Visitors will not need to own, but can presumably rent for a couple of years. Using Musk’s favored five-percent discount rate (which I hope to analyze in a subsequent article), initial visitors might pay $3,400 per Mars night for their bunk, or about $2.3 million for a one-year stay (maid service not included.)

Maybe SpaceX will throw in a Tesla as a deal sweetener to go with your share of the ITS spacecraft.

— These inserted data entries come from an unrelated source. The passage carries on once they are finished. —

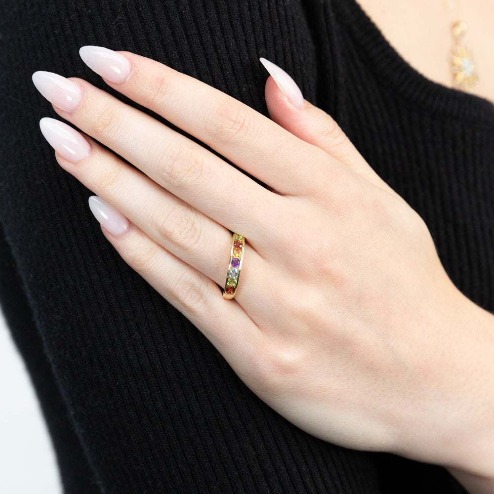 Amethyst , Blue Topaz, Citrine, Garnet and Peridot Ring in 9ct Yellow Gold
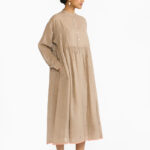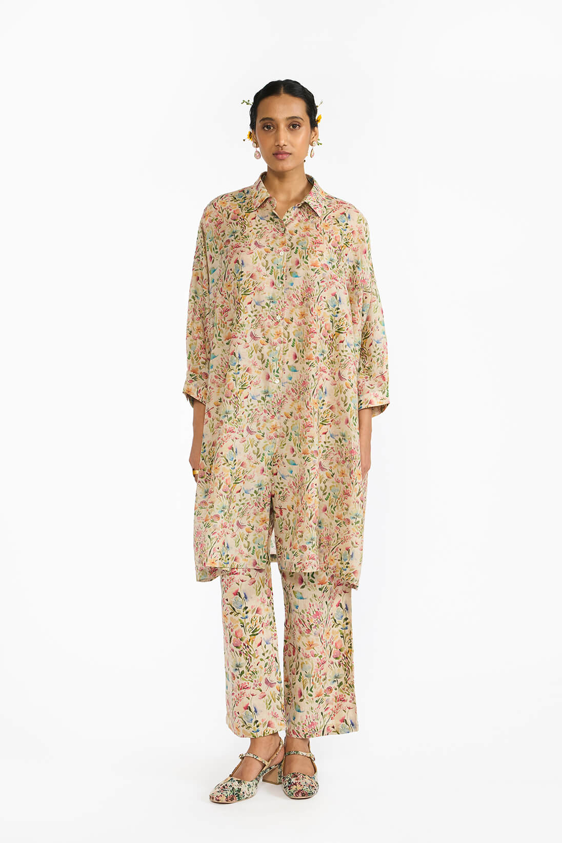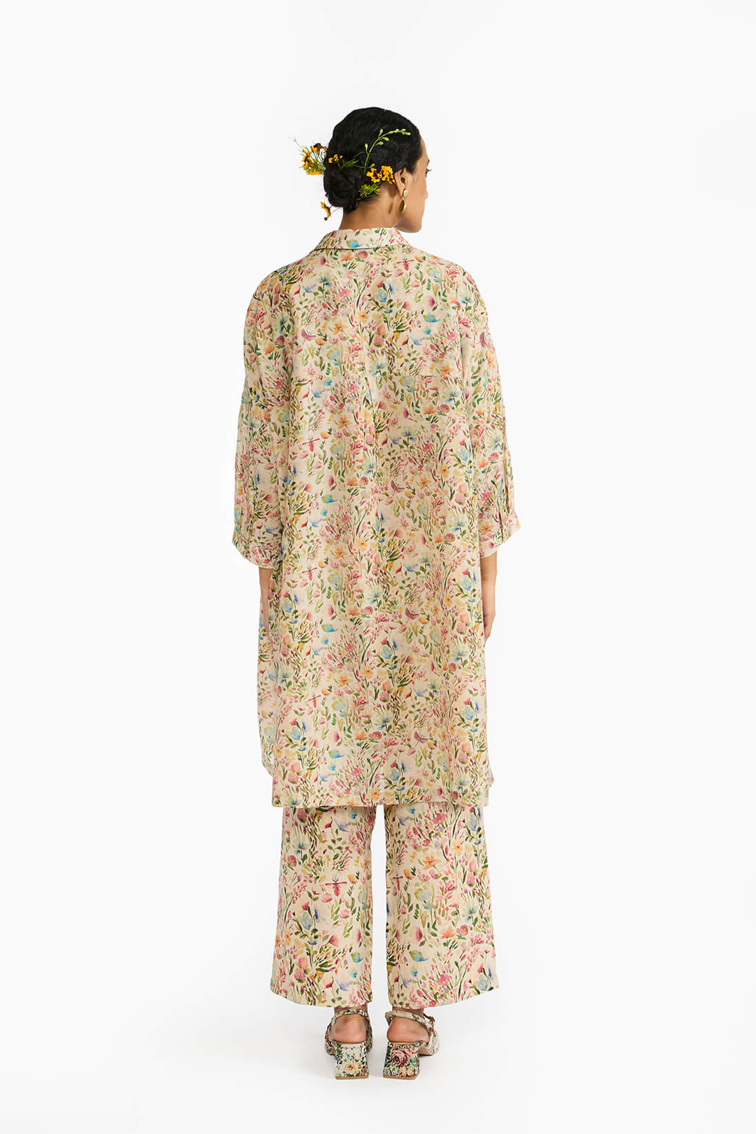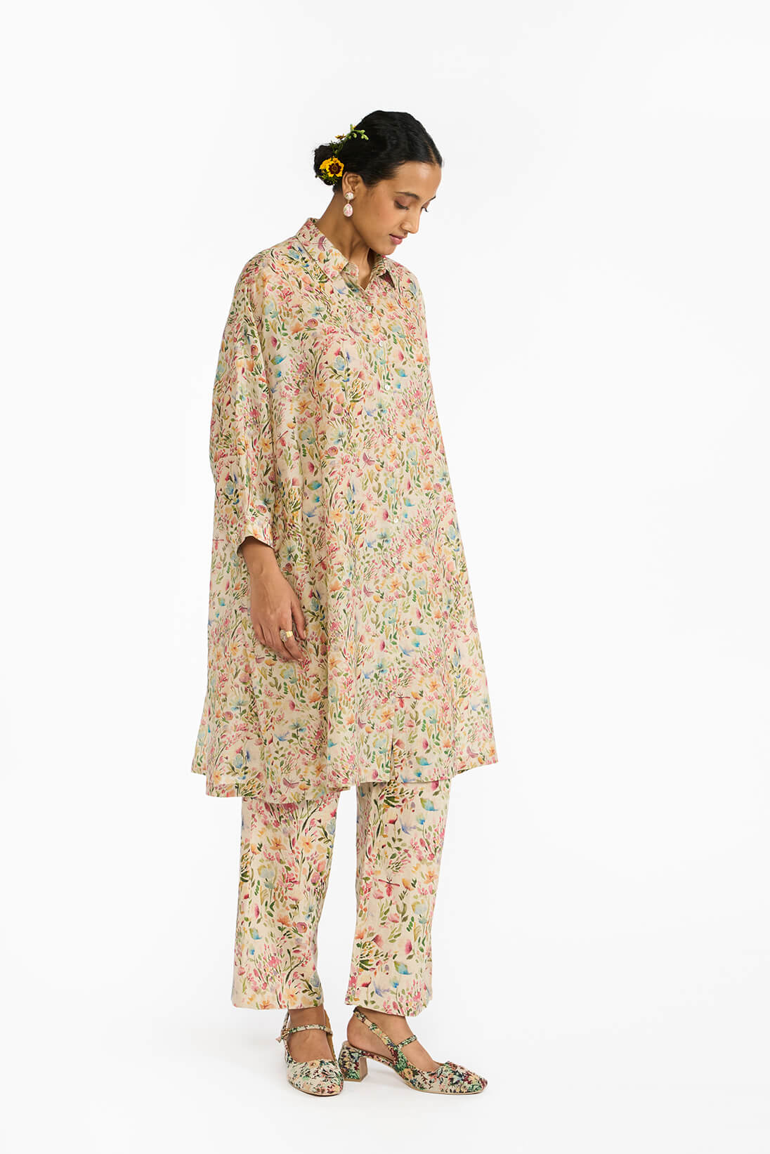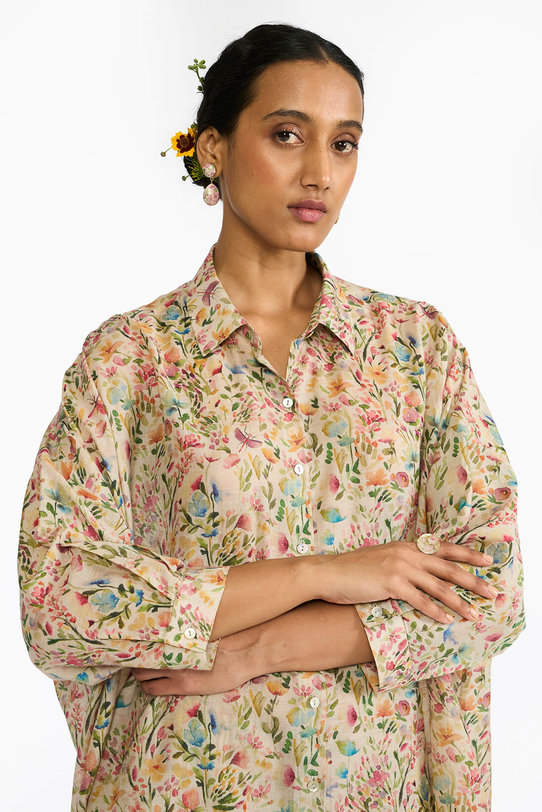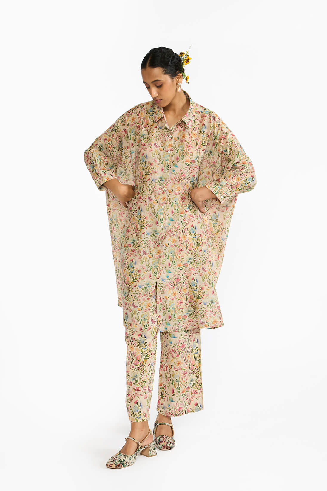 Hand painted watercolor abstract forms of garden flowers printed on handwoven khadi silk makes for an all day light and breezy spring shirt. Silhouette showcases an easy fit with flowy mid length cut.
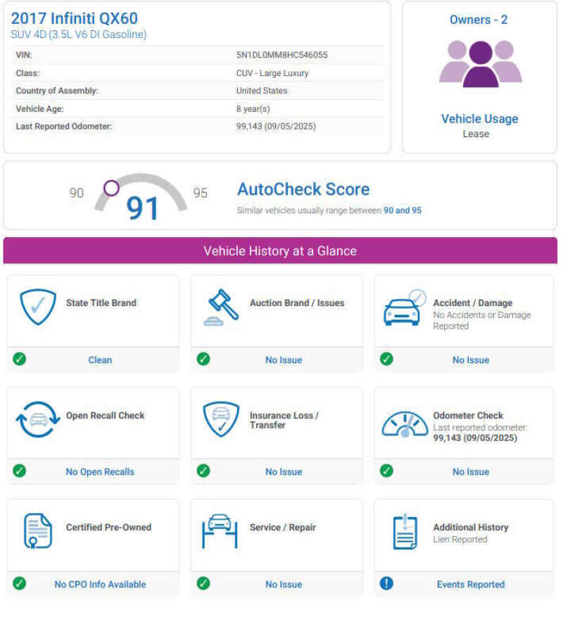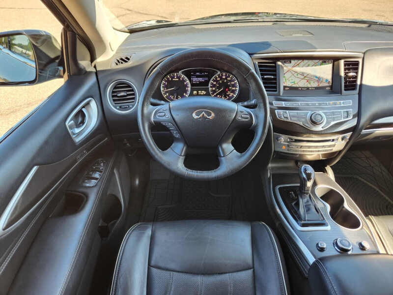 This vehicle is located at our Crystal Store. This vehicle comes with a clean title, and no accidents or damage ever reported. The 2017 Infiniti QX60 is a sophisticated three-row luxury crossover that blends elegant styling, family-friendly versatility, and smooth performance, powered by a 3.5-liter V6 engine producing 295 horsepower and 270 lb-ft of torque paired with a seamless continuously variable transmission and available Intelligent All-Wheel Drive for confident handling in all conditions its spacious interior seats up to seven with flexible second-row seating that slides and reclines for easy third-row access, while premium touches like leather upholstery, heated front seats, tri-zone automatic climate control, and an available Bose premium sound system create a comfortable and upscale cabin experience advanced safety features such as forward collision warning, blind-spot monitoring, and Infinitis Around View Monitor with moving object detection provide peace of mind, and with an efficient 20 city/27 highway mpg rating, the QX60 delivers a perfect balance of luxury, practicality, and everyday usability for families and commuters alike. Come on down to RavMotors of Crystal to test-drive our cars! We'll be happy to help you find the right car at the right price. Call for vehicle availability at 763-401-4242 or email us at ravmotorsofcrystalgmail.com. Make sure to check out our inventory at www.ravmotors.com We stand behind all of our cars. We are open from 1000 AM - 700 PM on Monday-Thursday and 1000 AM - 600 PM on Friday-Saturday.
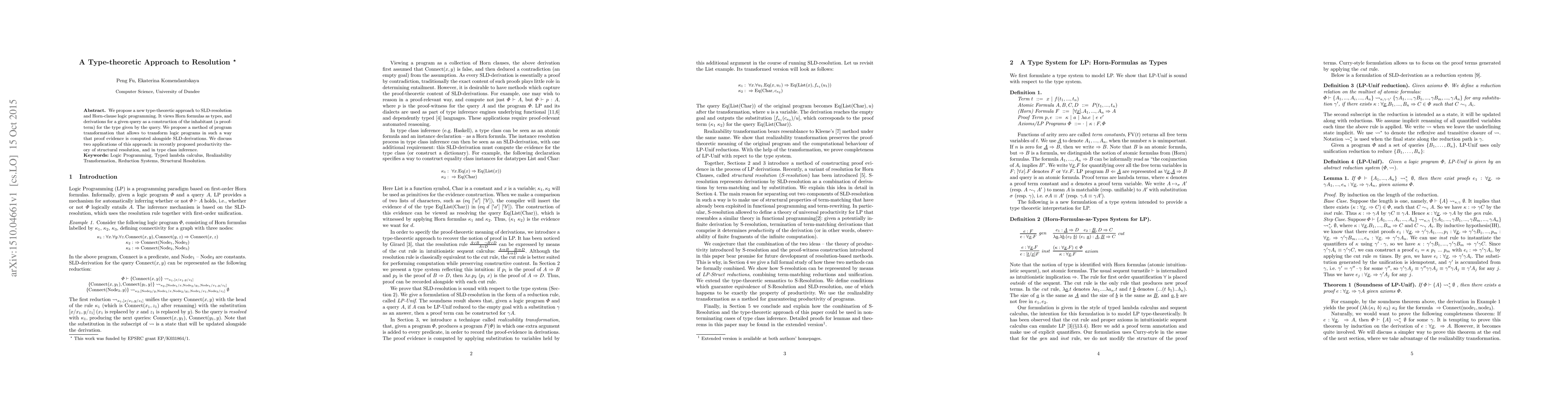 We propose a new type-theoretic approach to SLD-resolution and Horn-clause logic programming. It views Horn formulas as types, and derivations for a given query as a construction of the inhabitant (a proof-term) for the type given by the query. We propose a method of program transformation that allows to transform logic programs in such a way that proof evidence is computed alongside SLD-derivations. We discuss two applications of this approach: in recently proposed productivity theory of structural resolution, and in type class inference.
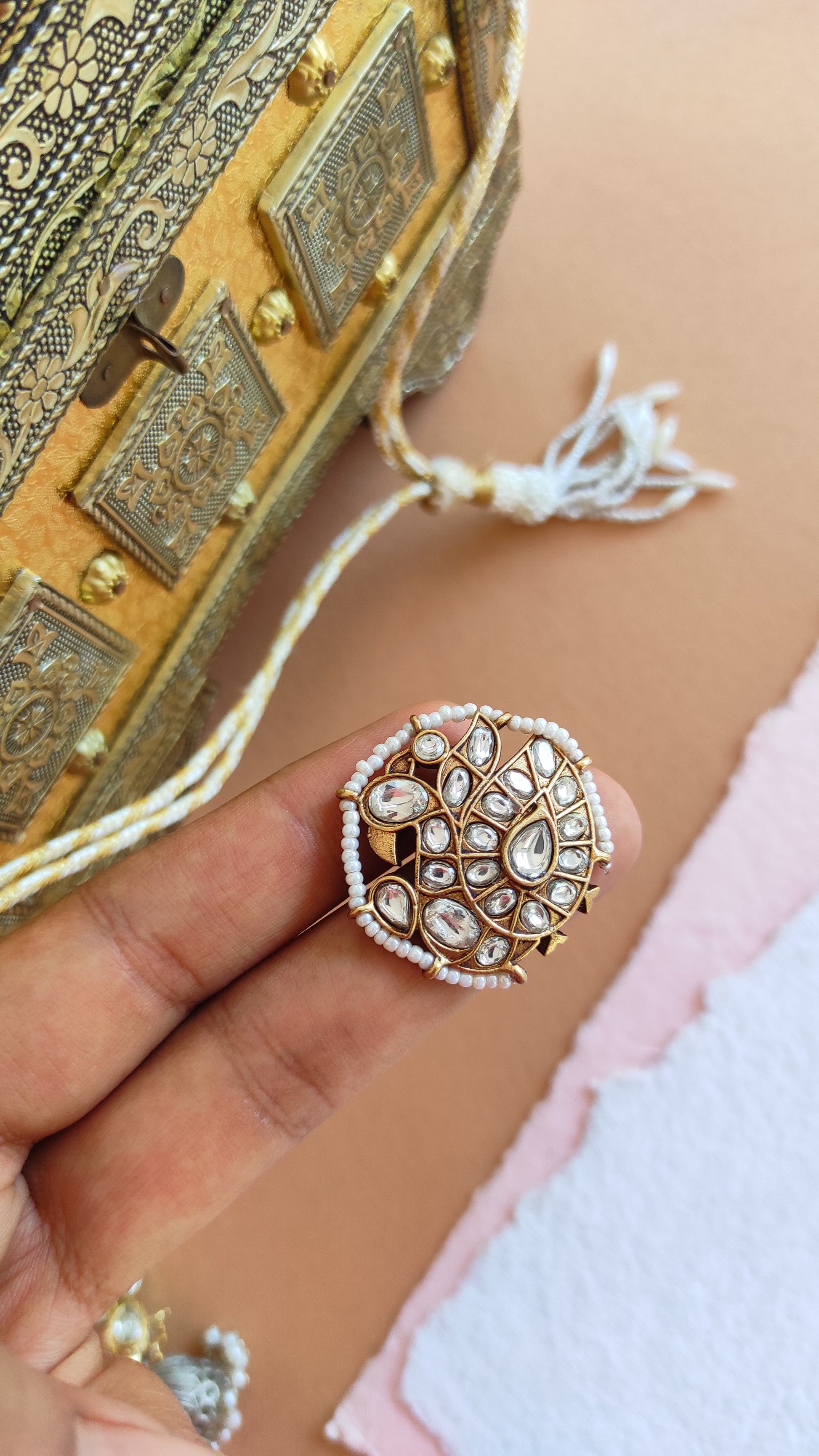 This exquisite choker set features a shimmering kundan brooch and matching peacock motif earrings, perfect for adding a touch of timeless elegance to your look.
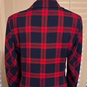 Chic red and navy plaid blazer with a tailored fit and notched lapel. Single-button front, structured silhouette—perfect for work or dressing up denim. Timeless, polished, and stylish. Excellent Condition.

As odd as it sounds, it may be more economical to simply leave some of the ITS spacecraft on Mars as habitation units. (It wouldn’t sound odd to Bob Zubrin, whose Mars Direct plan included leaving habitation modules.) At a cost of $200 million new, the ITS spacecraft could house 100 travelers and come complete with a methane plant, solar panels, environmental systems, a big window, and a bunch of rocket engines that could be salvaged and reused for local transport or shipped back to Earth as cargo. If we assume rocket engines are two-thirds of the cost of the ITS booster (using one estimate that 65 percent of a booster’s cost is the propulsion), that’s $3.6 million per engine, and the ITS spacecraft has nine. So if you buy new and you sell back the engines at Mars, you might be able to own a slightly used former spacecraft to share with 99 of your best friends for about $1.7 million a person. That sounds like a much better deal than the B2100 and, unlike it, the ITS spacecraft transports itself to Mars and doesn’t need to be unpacked.

A typical family of four might want an electric car to travel around Mars. A Tesla Model 3 has a curb weight of 1,800 kilograms. So plan on another 450 kilograms of luggage ($70,000 per person) and the cost of the car ($9,000 per person). Maybe SpaceX will throw it in as a deal sweetener to go with your share of the ITS spacecraft.